_WHAT YOU NEED TO DO_.
Beginning with the line that holds "เสื้อยืดคอปกโปโล จากแบรนด์ Ami" and ending with the last line of the entries below, copy every line exactly and nothing else, with the pictures left out.

_DATA RECORDS_.
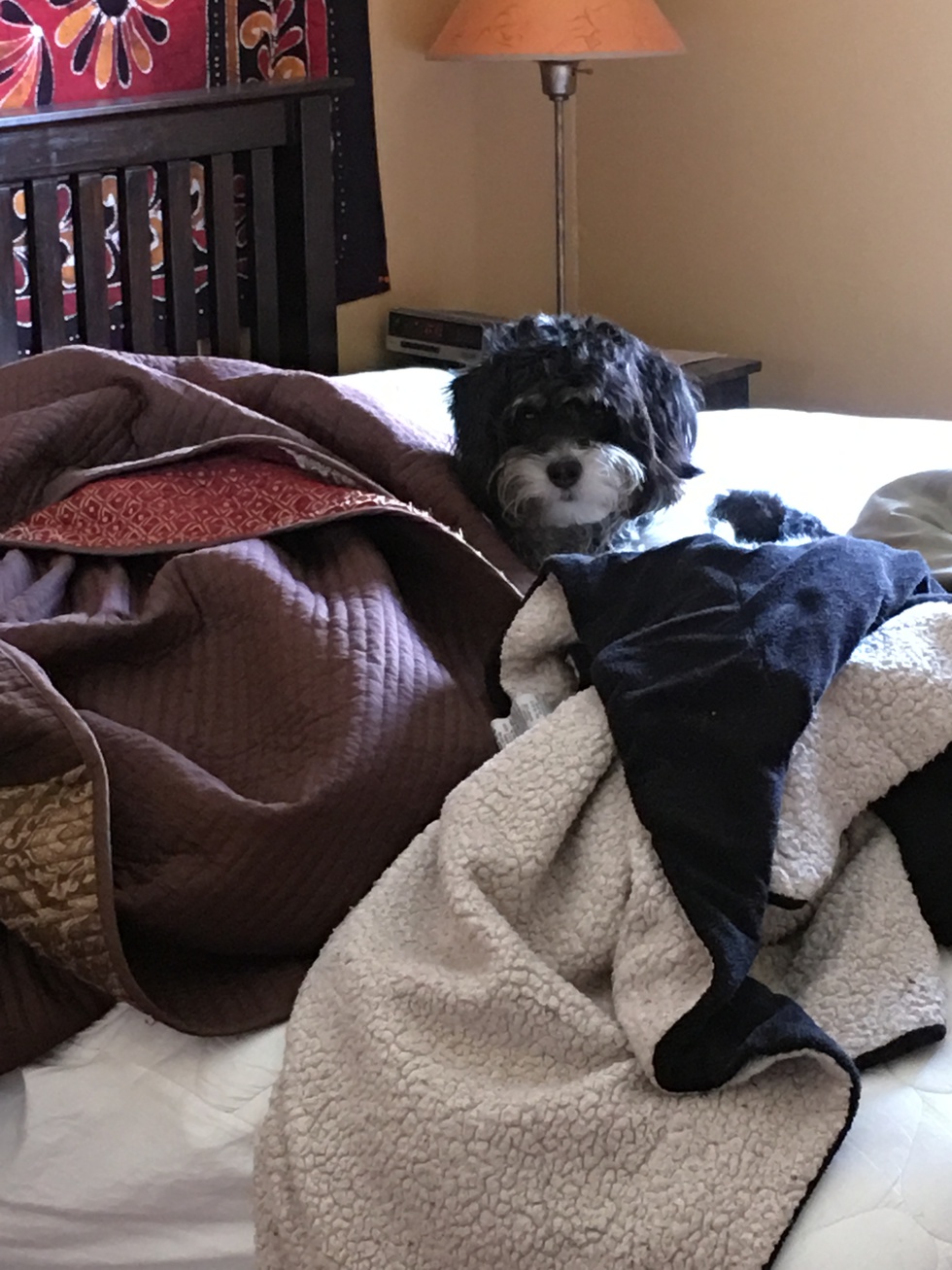 Moby is a rescue from California. He is a Mauzer, light on the Maltese, heavy on the Schnauzer, in terms of attitude.
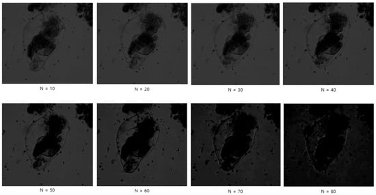 Most objects have different internal opacities depending on their density, and some have color due to other internal and external factors. Objects have various characteristics, but the most obvious characteristic with the highest influence in a given environment is that most of the inner area of the object has a slightly lower value than the background. As a result of running multiple experiments on the image used in the test in this study, the ideal value of N, which most clearly changes the pixel value of an object to 0, was set to 10 percent. Figure 2 shows the captured images after applying the modified SCB algorithm in accordance with the different N values used in the multi-run experiment.
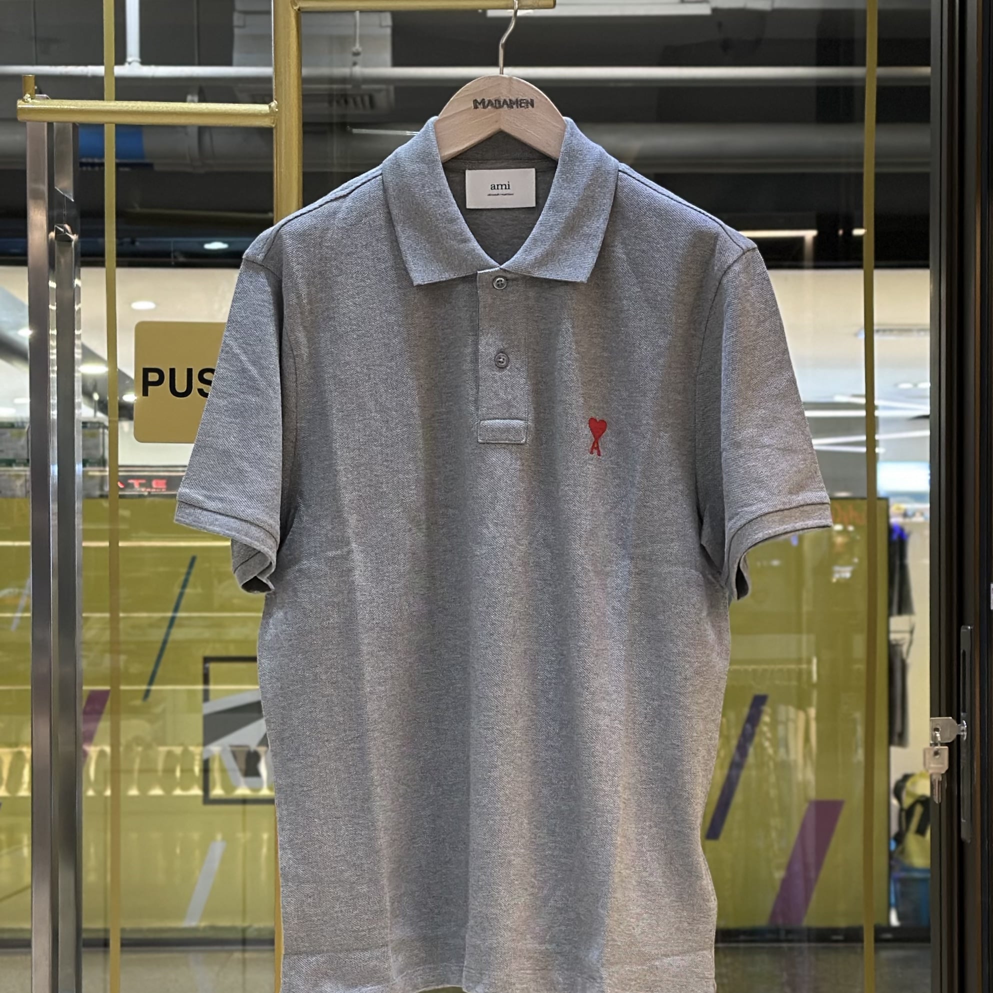 เสื้อยืดคอปกโปโล จากแบรนด์ Ami ปักลายโลโก้หัวใจสีแดงอันเป็นเอกลักษณ์ของแบรนด์ ด้านหลังคอเสื้อปักชื่อแบรนด์ตัวนูน
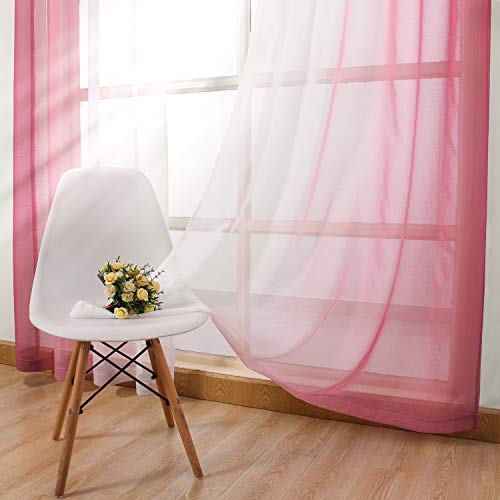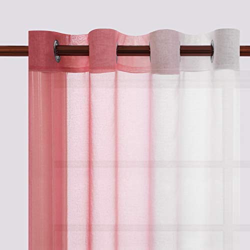 INtex CURTAINS HOUSE - ستائر من الفوال والشيفون بتصميم حديث انتكس كورتينز هاوس متدرجة اللون بحلقات للتثبيت الستيل لغرفة المعيشة وغرفة النوم قطعتين لون بينك 500 عرض × 270 طول زهري سادة كتان صناعي بيت الستائر
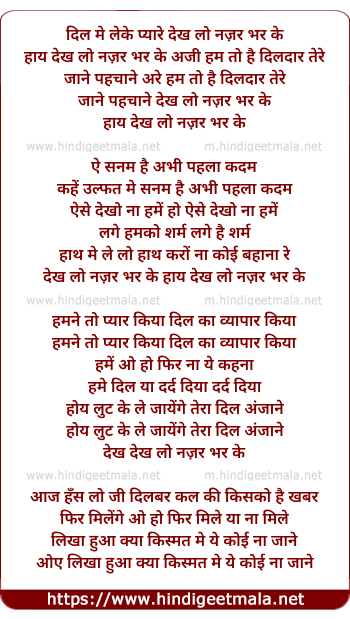 Lyrics of Dil Me Leke Pyare - दिल मे लेके प्यारे
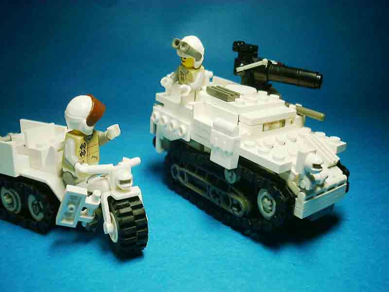 | 設定 レゴ陸軍空挺部隊用に開発された超小型装軌装甲車。 目的に応じて、 対戦車ミサイル、40mm自動擲弾銃、12.7mm重機関銃など、 各種バリエーションがある。 |
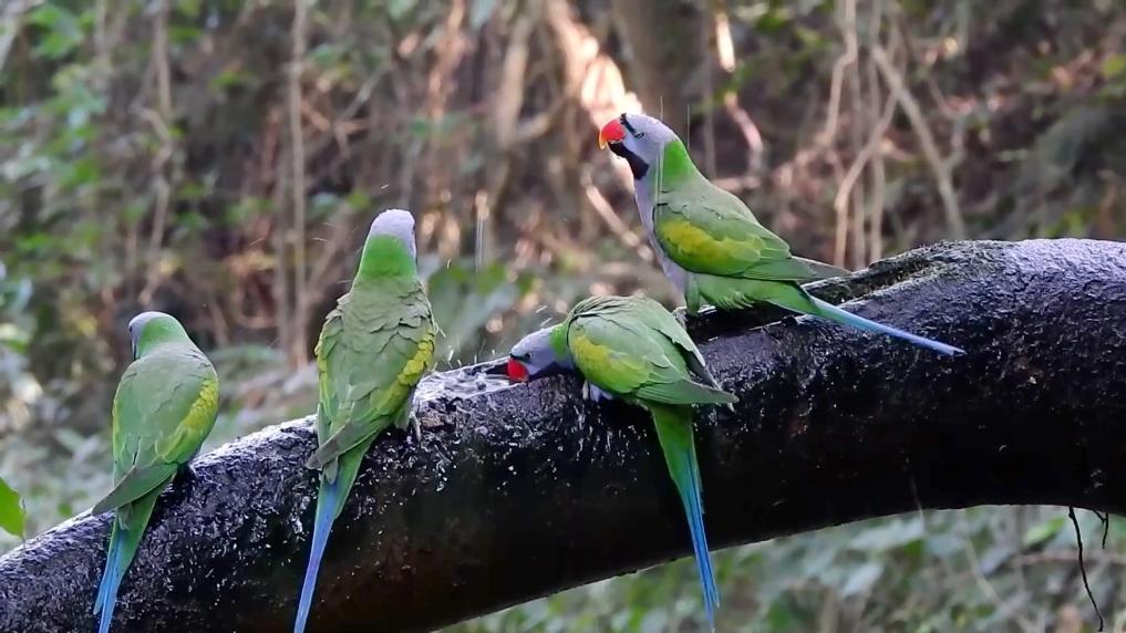 近日,在云南省普洱市思茅區(qū)思茅港鎮(zhèn)茨竹林村芒壩村民小組,成群的國(guó)家二級(jí)保護(hù)動(dòng)物大紫胸鸚鵡飛臨村子周?chē)拈艠?shù)嬉戲。
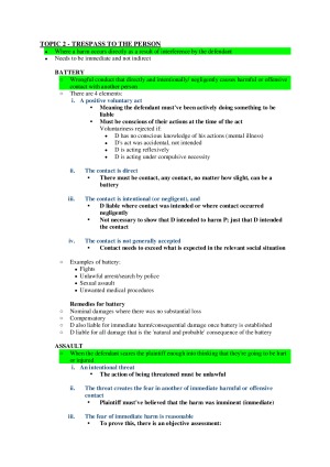 Topic 1 - Damages Topic 2 - Trespass to the person Topic 3 - Defences to intentional torts Topic 4 - Trespass to land Topic 5 - Negligence Topic 6 - Breach of duty of care Topic 7 - Causation Topic 8 - Remoteness Topic 9 - Defences to negligence Topic 10 - Vicarious liability Topic 11 - Breach of Statutory Duty
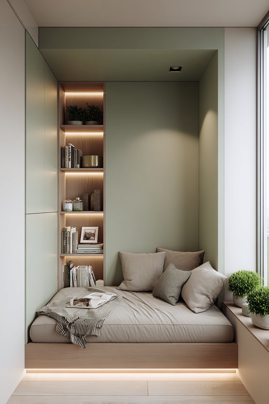 3. Sage Green Built-In Storage Solution
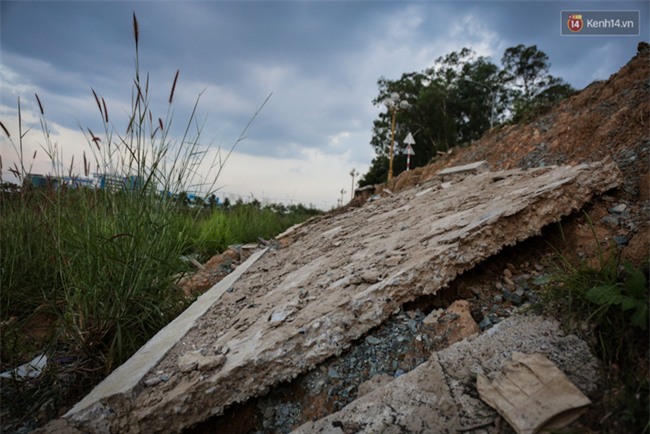 Con đường mới hoàn thành bỗng chốc trở thành đống đổ nát, dải taluy ngăn với lòng hồ Đá bị nước cuốn trôi. Ban quản lý Dự án đô thị ĐH Quốc Gia cho biết, phần bị sạt lở là công trình Trục chính số 6 trạm 2, thuộc Dự án đền bù, giải tỏa tái định cư để xây dựng cơ sở hạ tầng chung.

_TASK RESULT_.
 เสื้อยืดคอปกโปโล จากแบรนด์ Ami ปักลายโลโก้หัวใจสีแดงอันเป็นเอกลักษณ์ของแบรนด์ ด้านหลังคอเสื้อปักชื่อแบรนด์ตัวนูน
 INtex CURTAINS HOUSE - ستائر من الفوال والشيفون بتصميم حديث انتكس كورتينز هاوس متدرجة اللون بحلقات للتثبيت الستيل لغرفة المعيشة وغرفة النوم قطعتين لون بينك 500 عرض × 270 طول زهري سادة كتان صناعي بيت الستائر
 Lyrics of Dil Me Leke Pyare - दिल मे लेके प्यारे
 | 設定 レゴ陸軍空挺部隊用に開発された超小型装軌装甲車。 目的に応じて、 対戦車ミサイル、40mm自動擲弾銃、12.7mm重機関銃など、 各種バリエーションがある。 |
 近日,在云南省普洱市思茅區(qū)思茅港鎮(zhèn)茨竹林村芒壩村民小組,成群的國(guó)家二級(jí)保護(hù)動(dòng)物大紫胸鸚鵡飛臨村子周?chē)拈艠?shù)嬉戲。
 Topic 1 - Damages Topic 2 - Trespass to the person Topic 3 - Defences to intentional torts Topic 4 - Trespass to land Topic 5 - Negligence Topic 6 - Breach of duty of care Topic 7 - Causation Topic 8 - Remoteness Topic 9 - Defences to negligence Topic 10 - Vicarious liability Topic 11 - Breach of Statutory Duty
 3. Sage Green Built-In Storage Solution
 Con đường mới hoàn thành bỗng chốc trở thành đống đổ nát, dải taluy ngăn với lòng hồ Đá bị nước cuốn trôi. Ban quản lý Dự án đô thị ĐH Quốc Gia cho biết, phần bị sạt lở là công trình Trục chính số 6 trạm 2, thuộc Dự án đền bù, giải tỏa tái định cư để xây dựng cơ sở hạ tầng chung.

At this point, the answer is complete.